To follow this program I needed to add an additional 8 weeks, which I've done by using the first few weeks of the buildup program as my preparation for a 10k on August 15th and another one on September 18th, after which I'll start into week 1. I've also adjusted things so that Sunday is always a rest day (as well as Thursday). Basically it's two or three days a week at first and three or four days a week later on with a longer weekly Saturday run. My strength training will consist of short quick workouts using dumbbells at home--things I can do while taking a break from lesson prep.

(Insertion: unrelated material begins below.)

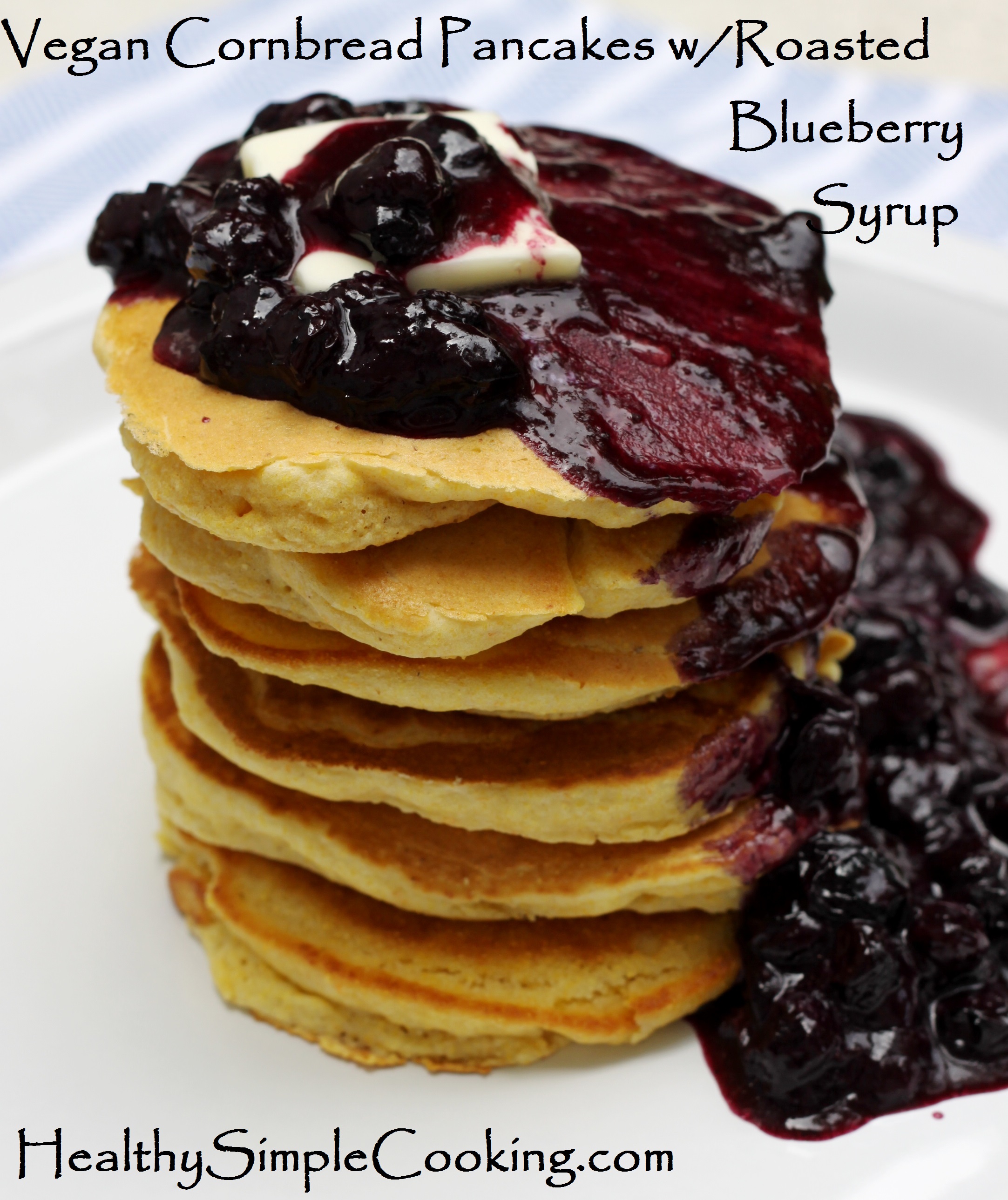 My favorite bookstore resides in Arizona: Changing Hands. It’s a charming little boutiquey second hand bookstore loaded with beautiful, intricate trinkets strategically placed to ignite any retail therapy that you may need. The cook book section is sprinkled with unique little kitchen-gadgets and the children’s section is dusted with glittery fairy-wear so that little girls can feel like they’re a little closer to magic. Did I mention that this bookstore shares its building with one of my favorite bakery-restaurant chains in Arizona? Wildflower Bread Company. Which is, you know, just awesome for someone who has no willpower when it comes to sweets (aka me). I mean, one cannot simply walk into a bookstore that opens up to a bakery without buying a pastry and a coffee …and then maybe another pastry. (Why is it that books, coffee, and pastries go so well together? Boost your brain while you get fat. Sounds good to me!!). Wildflower not only has great pastries, but they have, hands down, the best Greek salad that you will ever eat in the entirety of your human life. I’ve been trying to re-create it and when I do I’m going to blog the shit out of it. Be prepared. Wildflower also provides its customers with the opportunity to experience perfect fluffy pancakes topped with a berry compote. As of recently, I have been craving these pancakes, but do not have the time nor the inclination to fly 2,000 miles across the country to get it, so I’m making them myself. Vegan style. These pancakes are the perfect cornbread pancake. They’re fluffy. They’re tasty and they don’t fall apart (bonus!).

As to when to actually run, I think my best bet will be to leave directly from work before going home. Fortunately, there's a huge park with numerous trails within a few blocks of work where I can mark off as many miles as I need. Given the length of the runs, from now until January I should never need longer than about 50-55 minutes to finish. I'm most concerned about January and February, when the runs start to become longer and its too dark and dreary to do it in the morning (I'd have to be done by 5:45am to be able to get ready for class). March through May I might be able to get away with running in the 4:30-5:45am time slot (as a morning person anyway, this isn't a huge deal--the dumb cat wakes me up around that time everyday anyway so she can go outside, it would just be a matter of not crawling back into bed--mind over body, right?).

The time commitment poses the biggest threat to my preparation. I don't worry about the length of the runs or the discipline to do them. But finding the time, or making it rather, will be difficult.